The one I spoke of above-
http://www.pandys.org/

http://www.dancinginthedarkness.com/

http://www.aftersilence.org/aftermath.php

http://www.rapehelp.com/

http://www.rainn.org/


This site has a 24hr hotline-
http://www.sassnh.org/


This site has links to many more websites
Stellablue created a thread for all forms of abuse, where you can post anonymously if you are more comfortable, that can be found
here-
Thank you for posting resources! I have been looking for some so I will go check them out....I am soon going to have a conversation with my mom who I love dearly, but who has an idealized view of family that is almost "Stepford-esque". I was molested by my half- brother many times- around age of 6-7 and he was 16-17...also he did it to my best friend at same time qmwhen he babysat us.. I had much therapy over years bc I developed eating disorder as young girl, acted out sexually, and then became alcoholic, and entered very toxic relationships with men. i got sober when I was 28, did 12 step pgm, and started to get therapy shortly after... as I just couldn't stand how I felt around my brother --who-- at time was trying to have a close relationship because he found God!!! it made my skin crawl... Eventually, with professional help I told my mother about the molestation, and confronted him about it. He said he didn't remember but was sincerely apologetic and asked what he could do....he said he thought maybe he had been abused but couldn't remember. At the time I forgave him truly; I knew that his family life before coming to live with us had traumatized him, and our Father was not great to him. I realize that this is an unusual story- especially because we continued to have a familial relationship- as my mother considers him to be her son even tho she isn't his birth or adopted mother (my dad's son from previous marriage- step son I guess is term). I do not think my mother fully wanted to comprehend the effect that he had on me, and there was unspoken expectation that we are family.

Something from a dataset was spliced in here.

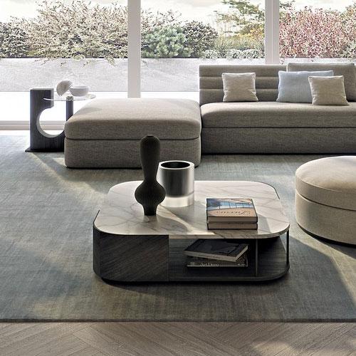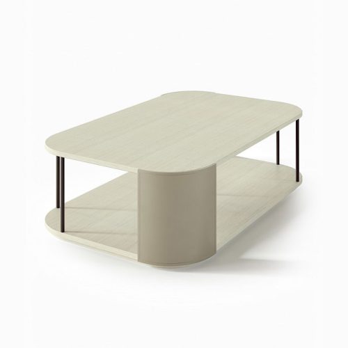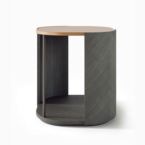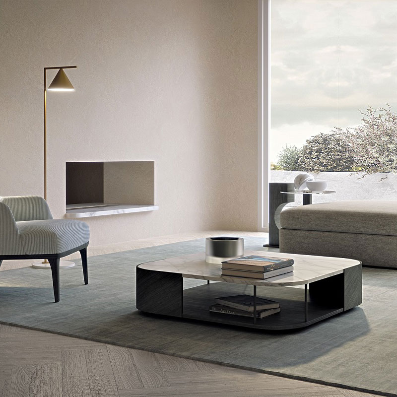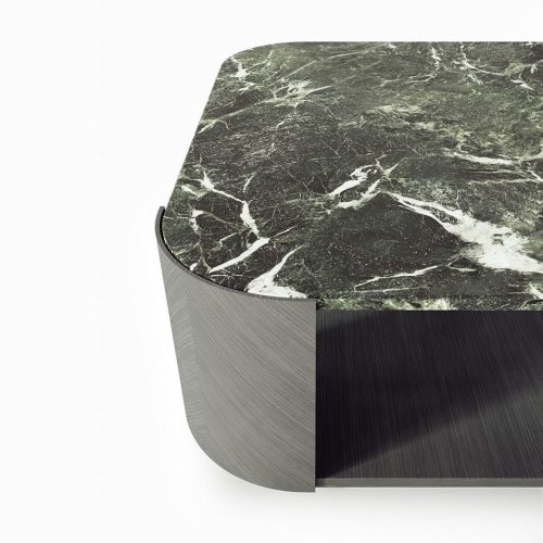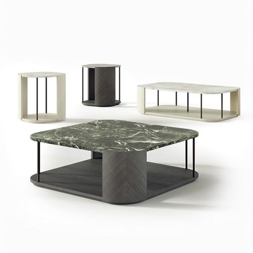 Series of coffee tables inspired by the Gae bookcase characterized by curved elements available in light Tay, dark Tay, Canaletta Walnut and leather. The top is available in different types of marble, wood and leather. Metal supports are avaiable in bronze-gold, lead and burnished finish.

But I couldn't forget, and eventually the trauma came back, after my dad died and my brother and i had to manage his estate affairs together...which was a mess. All the fear and disgust came back as we had terrible arguments. We got through it but every time I see him at a family dinner I feel anger and revulsion. I recently realized I no longer want a relationship with him ; that he is not MY family; and that the only reason I had relationship was for sake of my mom. She considers him her son, and will be hurt and sad as the family definition changes as result of my boundary .... At the age of fifty I finally realize it is ok that I don't consider him to be my family; and that my mother needs to back me up on this decision and not expect me to be at functions with him. I feel a weight lifted off my shoulders from the new knowledge.... but am dreading the conversation with her because she is possibly going to struggle with it and possibly ask me to reconsider which I won't do. I am seeking lots of support before I talk to her; and deciding whether I will also tell him face to face.

I have had friends tell me before who knew about this, that they couldn't believe I maintained a relationship with him- I never questioned that it was an option- I thought I had to for my mother!!! Can you imagine? Now, as though the lights were just turned on after years in darkness, it seems ridiculous to me that I tried for so long (15yrs) !!!!..when I simply could have told him that day we spoke that I forgave him truly; but that I didn't want to have a familial relationship with him.

Sorry for long post but I am really glad there are places to go and talk about this stuff! Thank you!!! Any advice is welcome!